After leading the Marian prayer from the window of his apartment above the supportive crowd, the Holy Father told the faithful that we must "be strongly rooted in God, solid in the good, in love and in service" to combat the sin within the Church and in the rest of the world.

Paola Dal Toso is the president of the national association of lay groups that organized the initiative of support for the Pope and mobilized the army that descended on the Vatican for the Sunday noon prayer. She said before the occasion that the idea of the event was to bring themselves "visibly around Benedict XVI as sons with their father, desiring to sustain him in his challenging ministry, expressing affection and gratitude to him for his passion for Christ and for all of humankind."

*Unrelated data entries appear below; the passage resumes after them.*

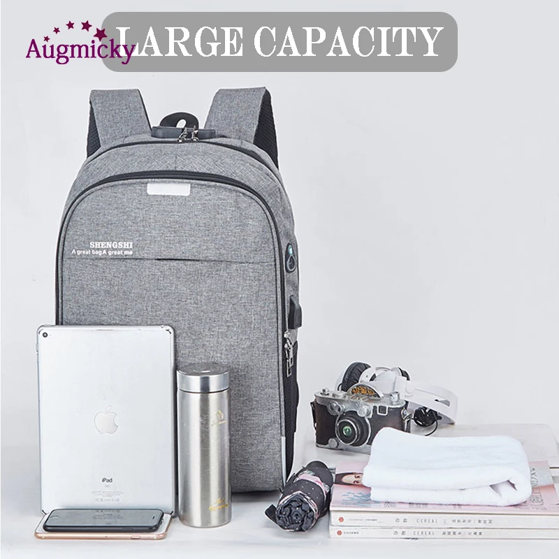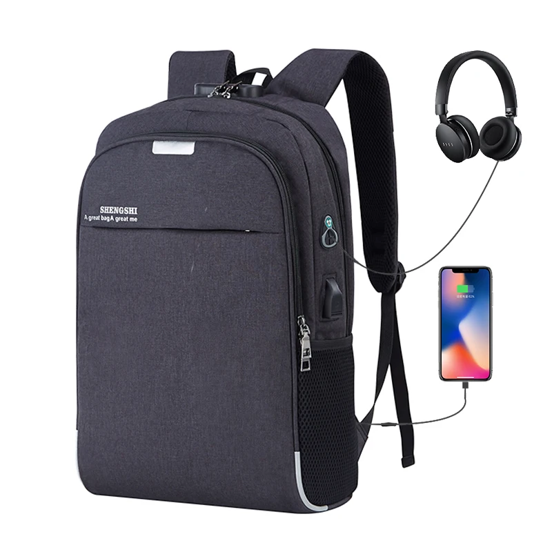 New 15.6inch USB Charging Headphone cable hole Laptop Backpack Rucksack Male Business Travel Back P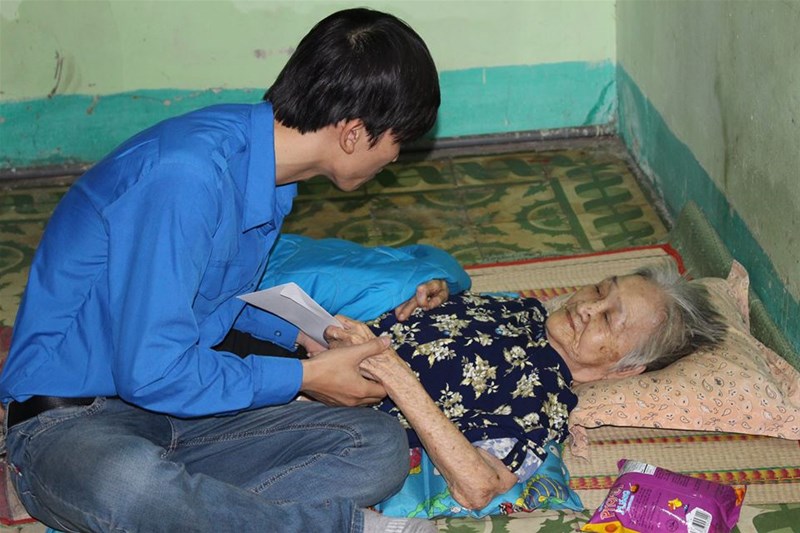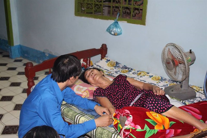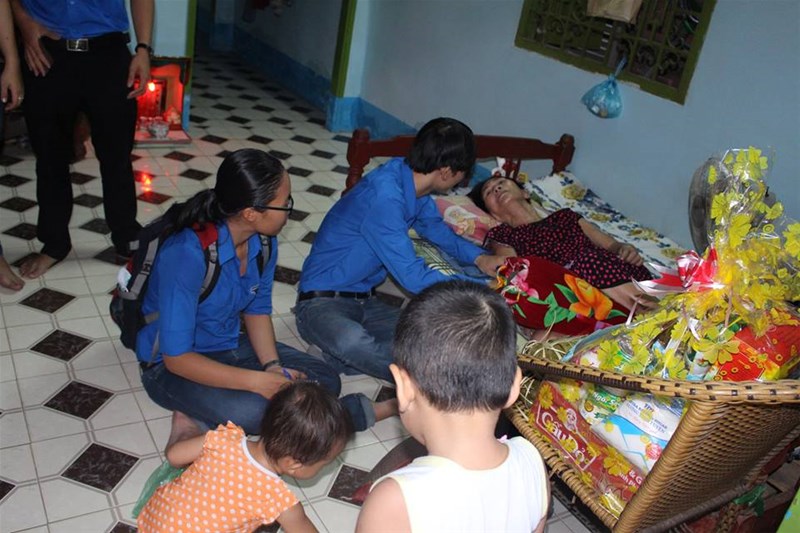 Điểm đến đầu tiên của chúng tôi là gia đình cụ bà Hồng Thị Cúc (163/40 KP4 P. Hòa Bình). Gia đình của cụ vốn đã khó khăn nay lại càng khó khăn hơn khi người con trai bị tàn tật, mất sức lao động. Mọi nguồn thu nhập đều được tạo ra một cách khó khăn từ tay của đứa con gái. Chúng tôi không thể kiềm nổi sự xúc động trước hình ảnh một cụ bà 80 tuổi ngồi chăm cơm cho đứa con trai tàn tật của mình. Ở cái độ tuổi đáng ra bà phải đang được tĩnh dưỡng tuổi già, thì bà lại phải nai lưng làm việc nhà, nấu cơm, chăm sóc cho con cái.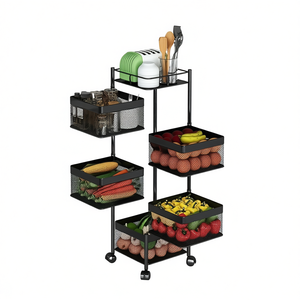 Étagère de rangement rotative en métal à 5 niveaux avec roulettes, chariot de rangement autoportant pour cuisine et salle de bain, pour le stockage des fruits et légumes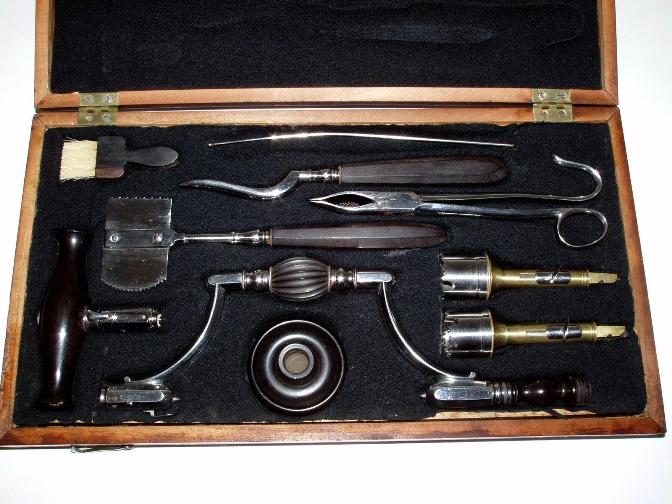 Med 491: Sehr gutes und komplettes Trepanationsbesteck

Speaking with Vatican Radio after a meeting with the Holy Father in audience on Monday morning, Cardinal Angelo Bagnasco, head of the Italian bishops said that Pope Benedict was "very content, very serene, for having seen this manifestation of such joy, closeness" in an "extremely packed" St. Peter's Square.

The prelate explained that many of the 200,000 who showed up to stand by the Holy Father were families, small and large, who had come from across the map "just to be under the Pope's window for a moment."

Cardinal Bagnasco went on to say that the great display of solidarity reinforces the awareness that the Church is of the people and particularly that there is "great affection and a great bond of gratitude" for the Pope.

The cardinal noted that for Italians, the See of Peter "represents in the heart of our people a great grace and therefore an additional reason for faith and joy." He thanked great variety of Italian Christian movements and Church groups that took part for their "vivacity" in making the occasion such a success.

He also restated the importance of prayers for the holiness of priest and the healing of abuse victims.

The head of the Italian bishops told La Repubblica newspaper in a separate interview on Sunday that this initiative was a "very simple and humble, but certainly convincing and eloquent sign" of the love of the Church and nation for the Holy Father.

L'Osservatore Romano reported that he also referred to the Pope as the "confident, sure, meek and sweet leader of the Church."

Cardinal Tarcisio Bertone, the Pope's second-in-command, told Vatican Radio on Monday that Sunday's event demonstrated "all of the affection that surrounds the Pope."

In addition, he said, it showed the will and good intentions of Christians "to profoundly renew the heart of the Church, to do penance for the sins that are in the Church and the world and to reawaken the commitment to the clean, clear and coherent testimony with the Gospel of Christ."